A: In a preliminary study by the American Heart Association (AHA), researchers linked long-term melatonin use to a higher rate of heart failure diagnoses, hospitalizations, and all-cause mortality.

However, the data only tracked melatonin recorded in medical records. This means almost all over the counter melatonin users in the U.S. were labeled as “nonusers,” making the comparison deeply flawed. Researchers also lacked information about insomnia severity, psychiatric conditions, alcohol intake, other sleep drugs, or lifestyle factors — all of which directly influence heart risk.

Q: Why did the study show such alarming numbers if melatonin itself isn’t the problem?

A: The study’s “melatonin users” were not typical healthy supplement users. They were individuals whose melatonin use appeared in medical records, meaning they were sicker, more medicated, and more likely to be treated for complex conditions.
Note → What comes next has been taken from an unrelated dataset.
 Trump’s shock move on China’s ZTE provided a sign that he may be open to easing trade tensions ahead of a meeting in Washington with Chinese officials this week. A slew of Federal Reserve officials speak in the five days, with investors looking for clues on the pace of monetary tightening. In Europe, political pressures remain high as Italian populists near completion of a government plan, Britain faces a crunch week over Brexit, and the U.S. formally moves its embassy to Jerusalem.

This skewed the data, which reflected a high-risk population, not a harmful supplement.

Q: Did the mainstream media accurately report the AHA findings?
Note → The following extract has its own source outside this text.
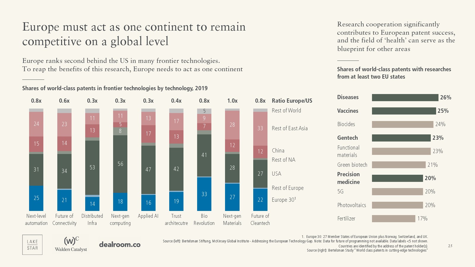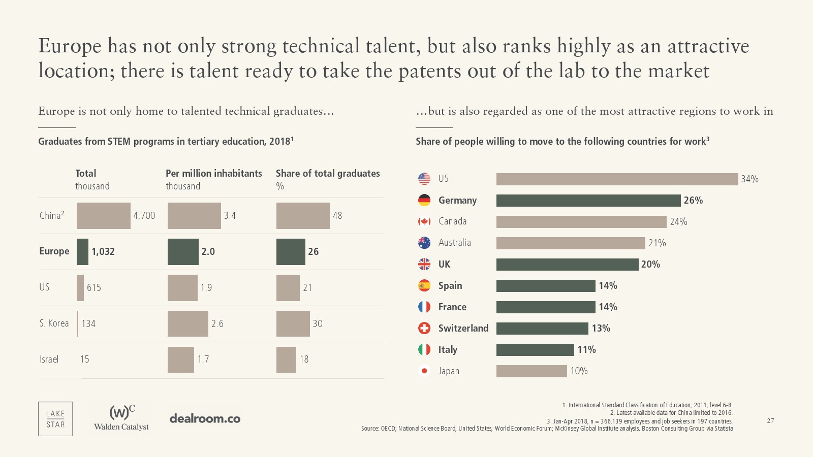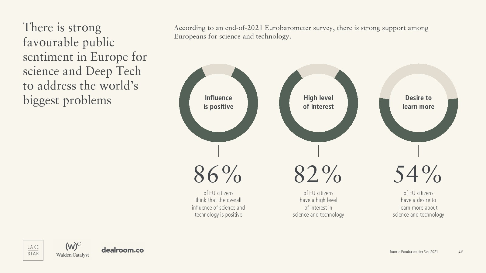 欧洲具备成为全球深度技术卓越中心的条件:其具备强大的基础研究,拥有众多受过良好教育的人才,比以往任何时候都更多的公众支持,以及积极的公民情绪。90%的欧洲人认为科学和技术的整体影响是积极的。

A: No. The press release clearly stated the data was “preliminary” and not peer-reviewed, but major news outlets reported it as definitive proof that melatonin causes heart failure. GreenMedInfo founder Sayer Ji highlighted that media outlets copied the AHA talking points without evaluating the study’s limitations. This created an echo chamber of fear-driven headlines despite the study’s weak design and major data gaps.

Q: What important details did the AHA study fail to include?

A: The dataset did not track melatonin dose or timing, so a person taking 1 mg occasionally was treated the same as someone taking 10 mg nightly for years. It also did not adjust for common sleep drugs (like Ambien, Lunesta, and trazodone), statins, SSRIs, or blood pressure medications — all of which influence heart function. Hospitalization counts were inflated due to broad diagnostic coding, further distorting results.

Q: Is melatonin actually harmful to the heart?

A: The broader scientific evidence does not support that conclusion. Decades of research show melatonin lowers blood pressure, protects mitochondria, reduces oxidative damage, improves endothelial function, and supports recovery after cardiac injury.